I have a couple of data processors that have implemented an interface whose method "process" takes over the processing part with a result to be returned. The result should be a dictionary that is compliant to a given structure. That's why I have defined TypedDict's for each processor result. Maybe I haven't understood TypedDict correctly, but I want to achieve something like this:
import abc
from typing import TypedDict
class AProcessorResult(TypedDict):
param1: str
param2: int
class BProcessorResult(TypedDict):
paramA: str
paramB: str
paramC: float
class IProcessor(abc.ABC):
def process(self) -> <Dictionary mypy-checked against processor result structure>:
raise NotImplementedError
class AProcessor(IProcessor):
def process(self) -> <Dictionary mypy-checked against AProcessorResult structure>:
result: AProcessorResult = {
'param1': 'value1',
'param2': 0
}
return result
class BProcessor(IProcessor):
def process(self) -> <Dictionary mypy-checked against BProcessorResult structure>:
result: BProcessorResult = {
'param1': 'value1',
'param2': 1
}
return result
def main() -> None:
aProcessor: AProcessor = AProcessor()
aProcessor.process() # <- Should be successful during the MyPy check
bProcessor: BProcessor = BProcessor()
bProcessor.process() # <- Should fail during the MyPy check
if __name__ == '__main__':
main()
If I return ordinary Dict's from the "process" methods, MyPy complains about the type incompatibility:
Incompatible return value type (got "AProcessorResult", expected "Dict[Any, Any]")

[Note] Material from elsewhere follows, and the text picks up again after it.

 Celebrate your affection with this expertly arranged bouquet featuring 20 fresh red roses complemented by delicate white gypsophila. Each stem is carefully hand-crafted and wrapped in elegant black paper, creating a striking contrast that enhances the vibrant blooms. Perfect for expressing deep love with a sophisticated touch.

I don't want to use dataclasses at this point, because the dictionaries will be "dataclassified" in a later stage anyway and require some additional dict processing before.

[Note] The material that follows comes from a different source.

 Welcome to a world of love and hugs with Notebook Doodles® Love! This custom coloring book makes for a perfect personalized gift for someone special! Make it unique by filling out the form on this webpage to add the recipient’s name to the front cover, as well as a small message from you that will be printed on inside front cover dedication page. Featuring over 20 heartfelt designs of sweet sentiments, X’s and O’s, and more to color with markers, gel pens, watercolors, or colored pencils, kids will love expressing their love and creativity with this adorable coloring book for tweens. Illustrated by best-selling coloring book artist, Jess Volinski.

Is there a neat way to achieve this in a most abstract and generic way?
I am using Python 3.8.
You can use generics to achieve that. Basically, you define IProcess to return some generic type and define which concrete type it is using IProcessor[ConcreteType].
import abc
from typing import TypedDict, Any, Generic, TypeVar
T = TypeVar("T")
class AProcessorResult(TypedDict):
param1: str
param2: int
class BProcessorResult(TypedDict):
paramA: str
paramB: str
paramC: float
class IProcessor(abc.ABC, Generic[T]):
def process(self) -> T:
raise NotImplementedError
class AProcessor(IProcessor[AProcessorResult]):
def process(self) -> AProcessorResult:
result: AProcessorResult = {
'param1': 'value1',
'param2': 0
}
return result
class BProcessor(IProcessor[BProcessorResult]):
def process(self) -> BProcessorResult:
result: BProcessorResult = {
'param1': 'value1',
'param2': 1
}
return result
def main() -> None:
aProcessor: AProcessor = AProcessor()
aProcessor.process() # <- Should be successful during the MyPy check
bProcessor: BProcessor = BProcessor()
bProcessor.process() # <- Should fail during the MyPy check
if __name__ == '__main__':
main()
if you want to be more strict and force the return type to be always a mapping type, you can bound the type var as
Mapping
from typing import Mapping
T = TypeVar("T", bound=Mapping[str, Any])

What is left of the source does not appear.